- **Instructions for the task**
Return an exact copy of the data, starting at its first line and ending at the line that contains "The incident occurred", minus any pictures.

(Dataset records)
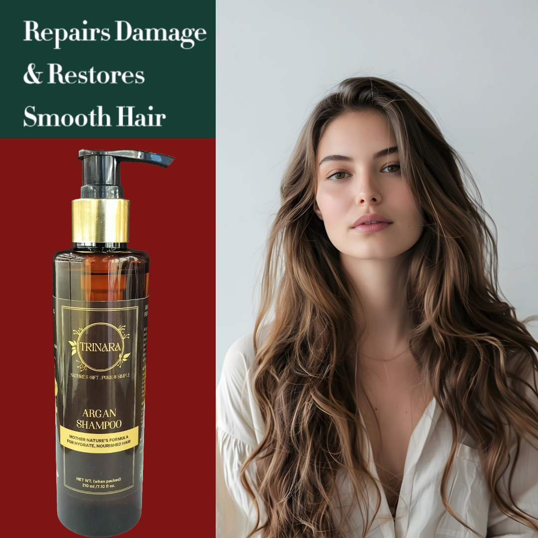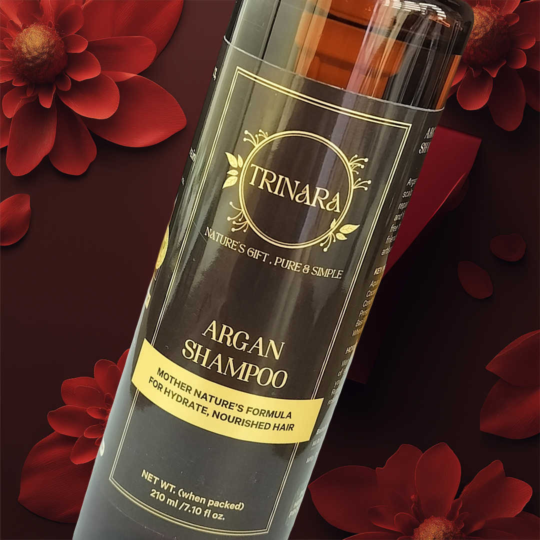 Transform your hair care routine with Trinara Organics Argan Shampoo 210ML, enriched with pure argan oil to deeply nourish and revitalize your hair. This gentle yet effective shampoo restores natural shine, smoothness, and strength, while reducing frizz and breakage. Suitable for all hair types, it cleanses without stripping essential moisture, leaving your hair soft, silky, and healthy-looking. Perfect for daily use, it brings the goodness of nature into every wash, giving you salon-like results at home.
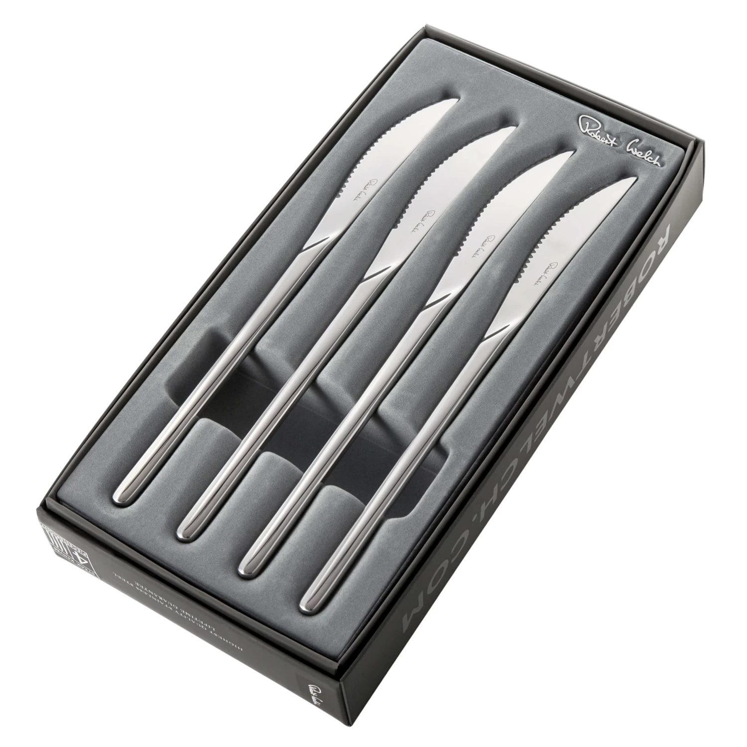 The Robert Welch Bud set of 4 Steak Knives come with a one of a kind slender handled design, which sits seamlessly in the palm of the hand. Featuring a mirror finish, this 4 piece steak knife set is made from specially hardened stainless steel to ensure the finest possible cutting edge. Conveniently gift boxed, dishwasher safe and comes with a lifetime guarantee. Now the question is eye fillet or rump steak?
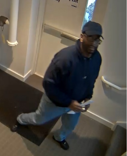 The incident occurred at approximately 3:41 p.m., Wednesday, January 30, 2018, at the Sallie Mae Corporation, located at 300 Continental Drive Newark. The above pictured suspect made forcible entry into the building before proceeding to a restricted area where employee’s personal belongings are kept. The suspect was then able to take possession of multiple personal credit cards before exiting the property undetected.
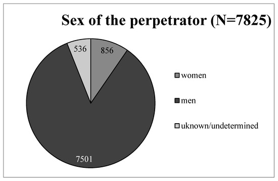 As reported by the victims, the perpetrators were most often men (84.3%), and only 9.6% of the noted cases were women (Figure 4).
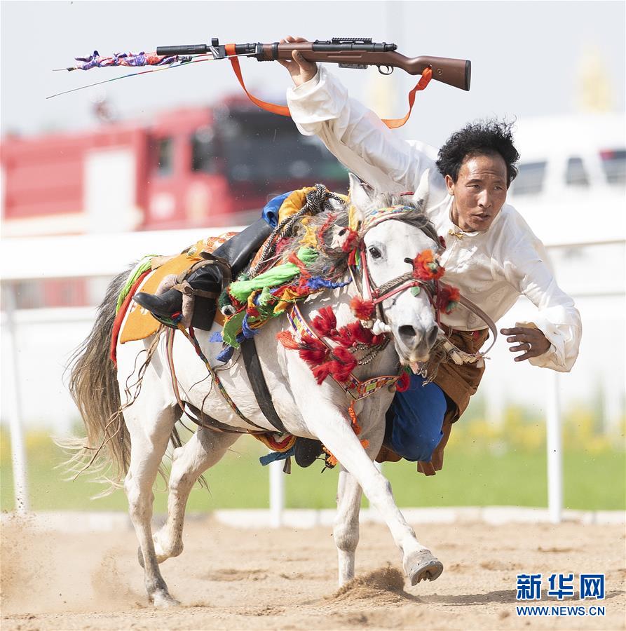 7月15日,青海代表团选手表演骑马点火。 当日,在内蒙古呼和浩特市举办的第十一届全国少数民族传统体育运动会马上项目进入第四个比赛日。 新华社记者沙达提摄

- **Answer space**
 Transform your hair care routine with Trinara Organics Argan Shampoo 210ML, enriched with pure argan oil to deeply nourish and revitalize your hair. This gentle yet effective shampoo restores natural shine, smoothness, and strength, while reducing frizz and breakage. Suitable for all hair types, it cleanses without stripping essential moisture, leaving your hair soft, silky, and healthy-looking. Perfect for daily use, it brings the goodness of nature into every wash, giving you salon-like results at home.
 The Robert Welch Bud set of 4 Steak Knives come with a one of a kind slender handled design, which sits seamlessly in the palm of the hand. Featuring a mirror finish, this 4 piece steak knife set is made from specially hardened stainless steel to ensure the finest possible cutting edge. Conveniently gift boxed, dishwasher safe and comes with a lifetime guarantee. Now the question is eye fillet or rump steak?
 The incident occurred at approximately 3:41 p.m., Wednesday, January 30, 2018, at the Sallie Mae Corporation, located at 300 Continental Drive Newark. The above pictured suspect made forcible entry into the building before proceeding to a restricted area where employee’s personal belongings are kept. The suspect was then able to take possession of multiple personal credit cards before exiting the property undetected.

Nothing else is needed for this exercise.